Но прежде чем достигнуть полноты,
Он должен, дважды сгинув и вокреснув,
Бессильным стать, как червь. Сперва его
Тринадцатая фаза увлекает
В борьбу с самим собой, и лишь потом,
Под чарами четырнадцатой фазы,
Душа смиряет свой безумный трепет
И замирает в лабиринтах сна!
Ахерн
Спой до конца, пропой о той награде,
Что этот путь таинственный венчает.
Робартис
Мысль переходит в образ, а душа —
В телесность формы; слишком совершенны
Для колыбели перемен земных,
Для скуки жизни слишком одиноки,
Душа и тело, слившись, покидают
Мир видимостей.
Ахерн
Все мечты души
Сбываются в одном прекрасном теле.
Робартис
Ты это знал всегда, не так ли?
Ахерн
В песне
Поется дальше о руках любимых,
Прошедших боль и смерть, сжимавших посох
Судьи, плеть палача и меч солдата.
Из колыбели в колыбель
Переходила красота, пока
Не вырвалась за грань души и тела.
Робартис
Кто любит, понимает это сердцем.
Ахерн
Быть может, страх у любящих в глазах —
Предзнание или воспоминанье
О вспышке света, о разверстом небе.
Робартис
В ночь полнолунья на холмах безлюдных
Встречаются такие существа,
Крестьяне их боятся и минуют;
То отрешенные от мира бродят
Душа и тело, погрузясь в свои
Лелеемые образы, — ведь чистый,
Законченный и совершенный образ
Способен победить отъединенность
Прекрасных, но пресытившихся глаз.
На этом месте Ахерн рассмеялся
Своим надтреснутым, дрожащим смехом,
Подумав об упрямом человеке,
Сидящем в башне со свечой бессонной.
Робартис
Пройдя свой полдень, месяц на ущербе.
Душа дрожит, кочуя одиноко
Из колыбели в колыбель.

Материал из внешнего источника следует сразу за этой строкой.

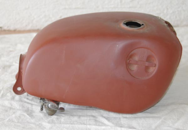 First to go is the gas tank and it is no prize. The previous owner ground off the mounts for the knee rubber and there is rust inside the tank. It is in need of sealing and has a small leak high on the left front that the sealer should take care of. An ugly tank for sure BUT there is a bright side. I am including an excellent fuel petcock mostly because I could not get the darn thing off.

Отныне
Переменилось все. Служанка мира,
Она из всех возможных избирает
Труднейший путь. Душа и тело вместе
Приемлют ношу.
Ахерн
Перед полнолуньем
Душа стремится внутрь, а после — в мир.
Робартис
Ты одинок и стар и никогда
Книг не писал: твой ум остался ясен.
Знай, все они — купец, мудрец, политик,
Муж преданный и верная жена —
Из зыбки в зыбку переходят вечно —
Испуг, побег — и вновь перерожденье,
Спасающее нас от снов.
Ахерн
Пропой
О тех, что, круг свершив, освободились.
Робартис
Тьма, как и полный свет, их извергает
Из мира, и они парят в тумане,
Перекликаясь, как нетопыри;
Желаний лишены, они не знают
Добра и зла, и торжества смиренья;
Их речи — только восклицанья ветра
В кромешной мгле. Бесформенны и пресны,
Как тесто, ждущее печного жара,
Они, что миг, меняют вид.
Ахерн
А дальше?
Робартис
Когда же перемесится квашня
Для новой выпечки Природы, — вновь
Возникнет тонкий серп — и колесо
Опять закружится.
Ахерн
Но где же выход?
Спой до конца.
Робартис
Горбун, Святой и Шут
Идут в конце. Горящий лук, способный
Стрелу извергнуть из слепого круга —
Из яростно кружащей карусели
Жестокой красоты и бесполезной,
Болтливой мудрости, начертан между
Уродством тела и души юродством.
Ахерн
Когда б не долгий путь, нам предстоящий,
Я постучал бы в дверь, встал у порога
Под балками суровой этой башни,
Где мудрость он мечтает обрести, —
И славную бы с ним сыграл я шутку!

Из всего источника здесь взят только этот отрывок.